27 Mai 2023
O artigo é de Juan José Tamayo, teólogo espanhol, secretário-geral da Associação de Teólogos João XXIII, ensaísta e autor de mais de 70 livros, publicado por Religión Digital, 26-05-2023.
Em 22 de maio, faleceu em Barcelona, aos 91 anos, o jesuíta Víctor Codina, um dos principais e mais lúcidos cultivadores da Teologia da Libertação, que se tornou o centro de seu projeto vital e intelectual. Ele recebeu uma sólida formação filosófica e teológica em Sant Cugat, Innsbruck e Roma, que logo se traduziu em ensino.
Durante 20 anos foi professor de teologia na Catalunha vivendo em L'Hospitalet de Llobregat e Terrassa, onde acompanhou as lutas operárias e populares daqueles anos durante a ditadura de Franco. De 1982 a 2018 viveu na Bolívia, encarnando a história, a cultura e a vida do povo boliviano e solidário com as causas do mundo indígena.

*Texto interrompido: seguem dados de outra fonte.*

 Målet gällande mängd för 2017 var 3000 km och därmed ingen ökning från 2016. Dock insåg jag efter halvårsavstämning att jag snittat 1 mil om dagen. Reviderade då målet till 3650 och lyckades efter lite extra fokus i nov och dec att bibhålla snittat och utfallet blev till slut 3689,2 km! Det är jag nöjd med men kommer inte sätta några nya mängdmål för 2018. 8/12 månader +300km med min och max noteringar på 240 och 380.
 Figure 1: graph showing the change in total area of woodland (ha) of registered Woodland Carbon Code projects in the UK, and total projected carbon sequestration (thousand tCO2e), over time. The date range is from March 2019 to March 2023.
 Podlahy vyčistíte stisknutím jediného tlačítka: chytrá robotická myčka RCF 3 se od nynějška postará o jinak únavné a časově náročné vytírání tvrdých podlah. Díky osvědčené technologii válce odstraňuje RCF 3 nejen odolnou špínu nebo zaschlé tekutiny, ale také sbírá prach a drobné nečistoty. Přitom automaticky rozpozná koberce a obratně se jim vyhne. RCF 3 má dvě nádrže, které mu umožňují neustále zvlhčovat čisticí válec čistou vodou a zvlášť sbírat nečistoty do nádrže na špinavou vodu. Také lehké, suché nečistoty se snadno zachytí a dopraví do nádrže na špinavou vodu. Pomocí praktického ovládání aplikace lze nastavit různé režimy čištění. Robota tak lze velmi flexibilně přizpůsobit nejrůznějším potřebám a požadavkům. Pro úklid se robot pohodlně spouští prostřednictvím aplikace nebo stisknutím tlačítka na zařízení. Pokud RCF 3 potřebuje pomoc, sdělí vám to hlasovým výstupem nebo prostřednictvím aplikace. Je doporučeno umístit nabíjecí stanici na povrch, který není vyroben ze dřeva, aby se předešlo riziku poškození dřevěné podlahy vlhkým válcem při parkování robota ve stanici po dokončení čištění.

Lá combinou o ensino de teologia na Universidade Católica de Cochabamba com a formação de cristãos leigos, colaboração em paróquias populares e acompanhamento de comunidades de base em diferentes partes da Bolívia: Oruro, Santa Cruz e Cochabamba. Ministrou cursos em várias universidades do Brasil e na Universidade Centro-Americana José Simeón Cañas (UCA), onde seus companheiros jesuítas foram assassinados em novembro de 1989, realizou atividades de animação teológica na maioria dos países latino-americanos e deu numerosos seminários no Cristianisme i Justícia, Barcelona.
Víctor Codina fez teologia a partir da base, "do insignificante", subtítulo de sua obra A Igreja do Nazareno (Sal Terrae, Santander, 2010).

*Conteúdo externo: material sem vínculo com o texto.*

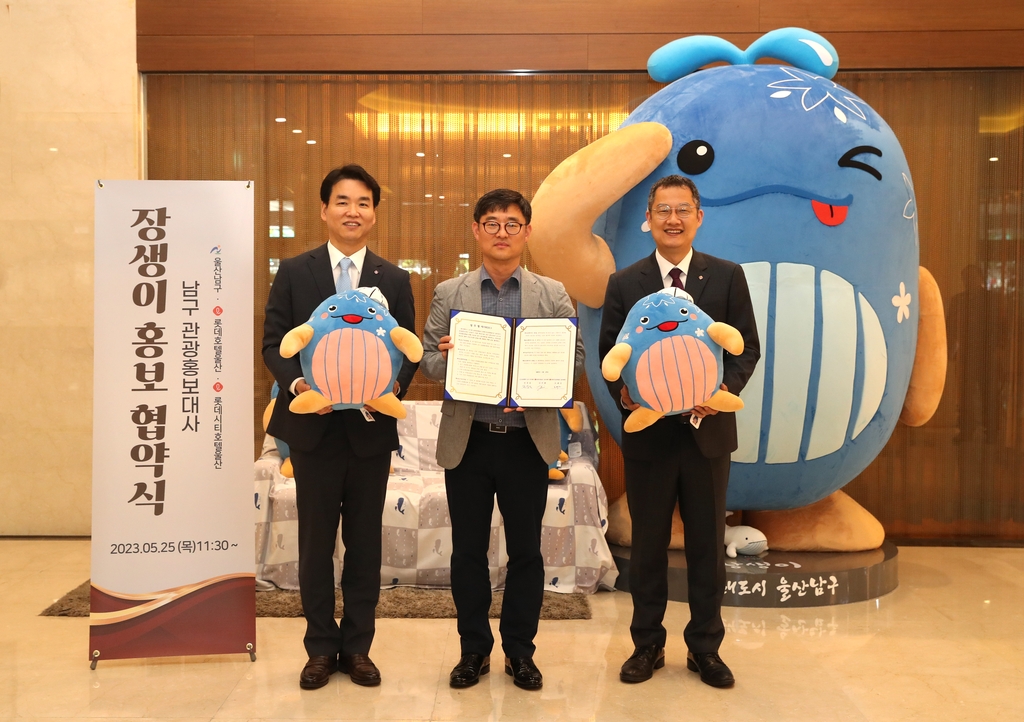 (울산=연합뉴스) 김용태 기자 = 울산시 남구는 롯데호텔울산, 롯데시티호텔울산과 관광홍보대사 '장생이' 홍보 협약식을 열었다고 25일 밝혔다.

A localização social de Víctor Codina eram os bairros operários de Barcelona e as maiorias populares do continente latino-americano; seu lugar eclesial, a Igreja dos pobres; sua práxis, o compromisso com os movimentos sociais; sua postura ética, a opção pelos mais vulneráveis, pelos setores empobrecidos e pelos povos oprimidos; o guia de sua vida, o Evangelho; sua mediação racional, as ciências sociais; sua hermenêutica, os métodos histórico-críticos; seu princípio teológico, a libertação; sua inspiração, a espiritualidade do seguimento de Jesus de Nazaré; seu horizonte ideológico, desocidentalizar e descolonizar o cristianismo; seu modo de pensar a fé cristã, a teologia nazarena, que nasce da práxis e a ela conduz, e parte da realidade da pobreza estrutural e da injustiça.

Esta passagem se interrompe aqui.